### Brief
Quote all of the data that follows exactly as written, skipping the images.

### Input data
--
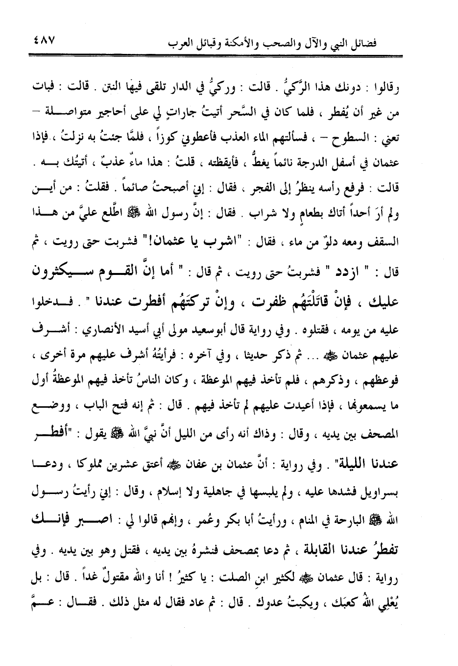 وقالوا: دونك هذا الرَّكيُّ. قالت: وركيُّ في الدار تلقى فيها النتن. قالت: فبات من غير أن يُفطر، فلما كان في السَّحر أتيتُ جاراتٍ في على أحاجير متواصلة -تعني: السطوح-، فسألتهم الماء العذب فأعطوني كوزًا، فلمَّا جئتُ به نزلتُ، فإذا عثمان في أسفل الدرجة نائمًا يغطُّ، فأيقظته، قلتُ: هذا ماءٌ عذبٌ، أتيتُك به. قالت: فرفع رأسه ينظرُ إلى الفجر، فقال: إني أصبحتُ صائمًا. فقلتُ: من أين ولم أرَ أحدًا أتاك بطعامٍ ولا شراب. فقال: إن رسول الله - صلى الله عليه وسلم - اطّلع عليَّ من هذا السقف ومعه دلوٌ من ماء، فقال: "اشرب يا عثمان" فضربت حتى رويت، ثم قال: "ازدد" فشربتُ حتى رويت، ثم قال: "أما إنّ القوم سيكثرون عليك، فإنْ قاتَلْتَهُم ظفرت، وإنْ تركتَهُم أفطرت عندنا". فدخلوا عليه من يومه، فقتلوه. وفي رواية قال أبو سعيد مولى أبي أسيد الأنصاري: أشرف عليهم عثمان - رضي الله عنه - ... ثم ذكر حديثًا، وفي آخره: فرأيتُهُ أشرف عليهم مرة أخرى، فوعظهم، وذكرهم، فلم تأخذ فيهم الموعظة، وكان الناسُ تأخذ فيهم الموعظةُ أول ما يسمعونها، فإذا أعيدت عليهم لم تأخذ فيهم. قال: ثم إنه فتح الباب، ووضع المصحف بين يديه، وقال: وذاك أنه رأى من الليل أنَّ نبيَّ الله - صلى الله عليه وسلم - يقول: "أفطر عندنا الليلة". وفي رواية: أنَّ عثمان بن عفان - رضي الله عنه - أعتق عشرين مملوكا، ودعا بسراويل فشدها عليه، ولم يلبسها في جاهلية ولا إسلام، وقال: إني رأيتُ رسول الله - صلى الله عليه وسلم - البارحة في المنام، ورأيتُ أبا بكر وعُمر، وإنهم قالوا لي: اصبر فإنك تفطرُ عندنا القابلة، ثم دعا بمصحف فنشرهُ بين يديه، فقتل وهو بين يديه. وفي رواية: قال عثمان - رضي الله عنه - لكثير ابنِ الصلت: يا كثيرُ! أنا والله مقتولٌ غدًا. قال: بل يُعْلِي الله كعبَك، ويكبتُ عدوك. قال: ثم عاد فقال له مثل ذلك. فقال: عمَّ
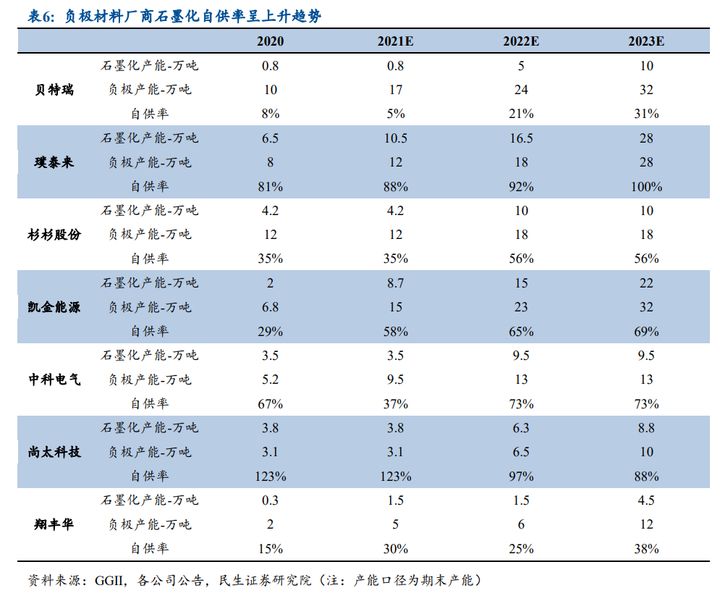 負(fù)極廠商一體化擴(kuò)產(chǎn),增加供給。從各廠商公告的一體化產(chǎn)能規(guī)劃來看,石墨化自供率逐年呈上升趨勢,根據(jù)我們估計,專注于人造石墨的企業(yè) 2023 年目標(biāo)將實現(xiàn)自供率 70%以上。但審批成功率和進(jìn)度邊際收緊,石墨化長期供應(yīng)增長將有限。
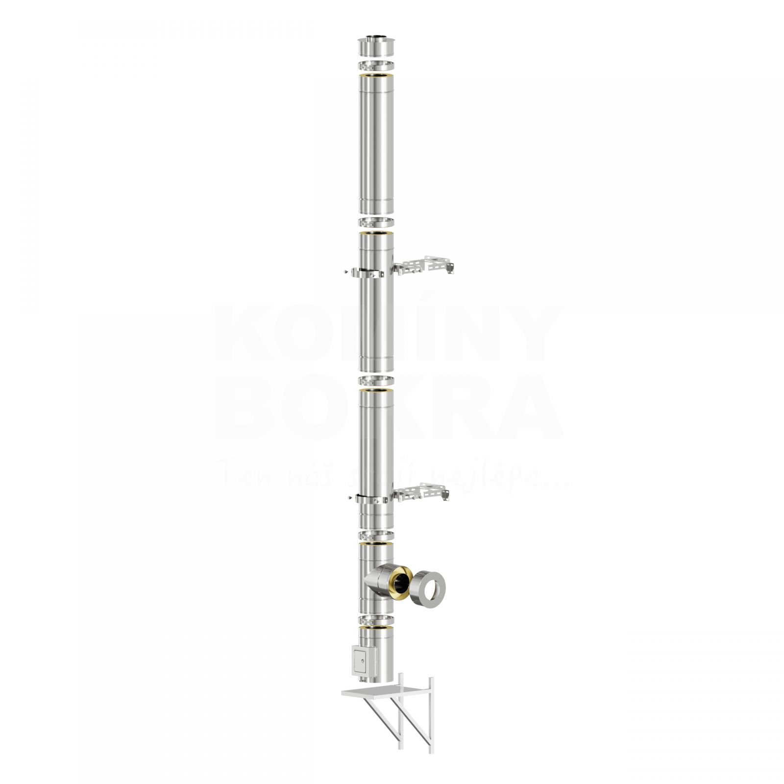 Třísložkový nerezový komínový systém je ideálním řešením pro výstavbu nových komínů. Komínové díly se skládají z vnitřní nerezové vložky tloušťky 0,8mm, ta je izolována speciální minerální vlnou tloušťky 50mm a opláštěná nerezovým plechem tloušťky 0,5mm s vysoce lesklým povrchem. Tento systém je určený pro odvod spalin od spotřebičů na všechny typy paliv. Je vyráběn v průměrech od 110mm až do 300mm (individuální výroba až do 500mm). Systém obsahuje celou řadu komponentů včetně kotvících prvků, což přináší neomezené možnosti při sestavování komínů. Jednotlivé dílce jsou podélně svařovány plazmou a ve své horní části opatřeny hrdlem výšky 100mm, které umožňuje snadné, bezpečné a pevné spoje. Pro zpevnění a statické zajištění je každý spoj fixován vnější sponou. Jednotlivé systémy BOKRA lze vzájemně kombinovat.
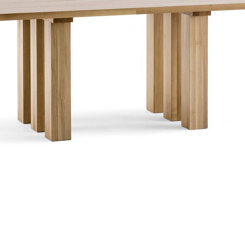 Cassina's 451 La Basilica table is a design by Mario Bellini from the 1970s. As its name suggests, the table is a monumental piece of exemplary architectural construction that, along with other tables including La Rotonda, La Corte, Il Colonnato, and La Loggia, celebrates the primary structures of architectural history “converted” into a system of furniture solutions that embrace every need. Also reflected in this interweaving of architecture, design, and furniture is Cassina's cabinet-making mastery, visible here in the base of La Basilica: six legs or eight legs as pillars. The top is composed of slats with the same width as the supports.
--
### Exercise result
 وقالوا: دونك هذا الرَّكيُّ. قالت: وركيُّ في الدار تلقى فيها النتن. قالت: فبات من غير أن يُفطر، فلما كان في السَّحر أتيتُ جاراتٍ في على أحاجير متواصلة -تعني: السطوح-، فسألتهم الماء العذب فأعطوني كوزًا، فلمَّا جئتُ به نزلتُ، فإذا عثمان في أسفل الدرجة نائمًا يغطُّ، فأيقظته، قلتُ: هذا ماءٌ عذبٌ، أتيتُك به. قالت: فرفع رأسه ينظرُ إلى الفجر، فقال: إني أصبحتُ صائمًا. فقلتُ: من أين ولم أرَ أحدًا أتاك بطعامٍ ولا شراب. فقال: إن رسول الله - صلى الله عليه وسلم - اطّلع عليَّ من هذا السقف ومعه دلوٌ من ماء، فقال: "اشرب يا عثمان" فضربت حتى رويت، ثم قال: "ازدد" فشربتُ حتى رويت، ثم قال: "أما إنّ القوم سيكثرون عليك، فإنْ قاتَلْتَهُم ظفرت، وإنْ تركتَهُم أفطرت عندنا". فدخلوا عليه من يومه، فقتلوه. وفي رواية قال أبو سعيد مولى أبي أسيد الأنصاري: أشرف عليهم عثمان - رضي الله عنه - ... ثم ذكر حديثًا، وفي آخره: فرأيتُهُ أشرف عليهم مرة أخرى، فوعظهم، وذكرهم، فلم تأخذ فيهم الموعظة، وكان الناسُ تأخذ فيهم الموعظةُ أول ما يسمعونها، فإذا أعيدت عليهم لم تأخذ فيهم. قال: ثم إنه فتح الباب، ووضع المصحف بين يديه، وقال: وذاك أنه رأى من الليل أنَّ نبيَّ الله - صلى الله عليه وسلم - يقول: "أفطر عندنا الليلة". وفي رواية: أنَّ عثمان بن عفان - رضي الله عنه - أعتق عشرين مملوكا، ودعا بسراويل فشدها عليه، ولم يلبسها في جاهلية ولا إسلام، وقال: إني رأيتُ رسول الله - صلى الله عليه وسلم - البارحة في المنام، ورأيتُ أبا بكر وعُمر، وإنهم قالوا لي: اصبر فإنك تفطرُ عندنا القابلة، ثم دعا بمصحف فنشرهُ بين يديه، فقتل وهو بين يديه. وفي رواية: قال عثمان - رضي الله عنه - لكثير ابنِ الصلت: يا كثيرُ! أنا والله مقتولٌ غدًا. قال: بل يُعْلِي الله كعبَك، ويكبتُ عدوك. قال: ثم عاد فقال له مثل ذلك. فقال: عمَّ
 負(fù)極廠商一體化擴(kuò)產(chǎn),增加供給。從各廠商公告的一體化產(chǎn)能規(guī)劃來看,石墨化自供率逐年呈上升趨勢,根據(jù)我們估計,專注于人造石墨的企業(yè) 2023 年目標(biāo)將實現(xiàn)自供率 70%以上。但審批成功率和進(jìn)度邊際收緊,石墨化長期供應(yīng)增長將有限。
 Třísložkový nerezový komínový systém je ideálním řešením pro výstavbu nových komínů. Komínové díly se skládají z vnitřní nerezové vložky tloušťky 0,8mm, ta je izolována speciální minerální vlnou tloušťky 50mm a opláštěná nerezovým plechem tloušťky 0,5mm s vysoce lesklým povrchem. Tento systém je určený pro odvod spalin od spotřebičů na všechny typy paliv. Je vyráběn v průměrech od 110mm až do 300mm (individuální výroba až do 500mm). Systém obsahuje celou řadu komponentů včetně kotvících prvků, což přináší neomezené možnosti při sestavování komínů. Jednotlivé dílce jsou podélně svařovány plazmou a ve své horní části opatřeny hrdlem výšky 100mm, které umožňuje snadné, bezpečné a pevné spoje. Pro zpevnění a statické zajištění je každý spoj fixován vnější sponou. Jednotlivé systémy BOKRA lze vzájemně kombinovat.
 Cassina's 451 La Basilica table is a design by Mario Bellini from the 1970s. As its name suggests, the table is a monumental piece of exemplary architectural construction that, along with other tables including La Rotonda, La Corte, Il Colonnato, and La Loggia, celebrates the primary structures of architectural history “converted” into a system of furniture solutions that embrace every need. Also reflected in this interweaving of architecture, design, and furniture is Cassina's cabinet-making mastery, visible here in the base of La Basilica: six legs or eight legs as pillars. The top is composed of slats with the same width as the supports.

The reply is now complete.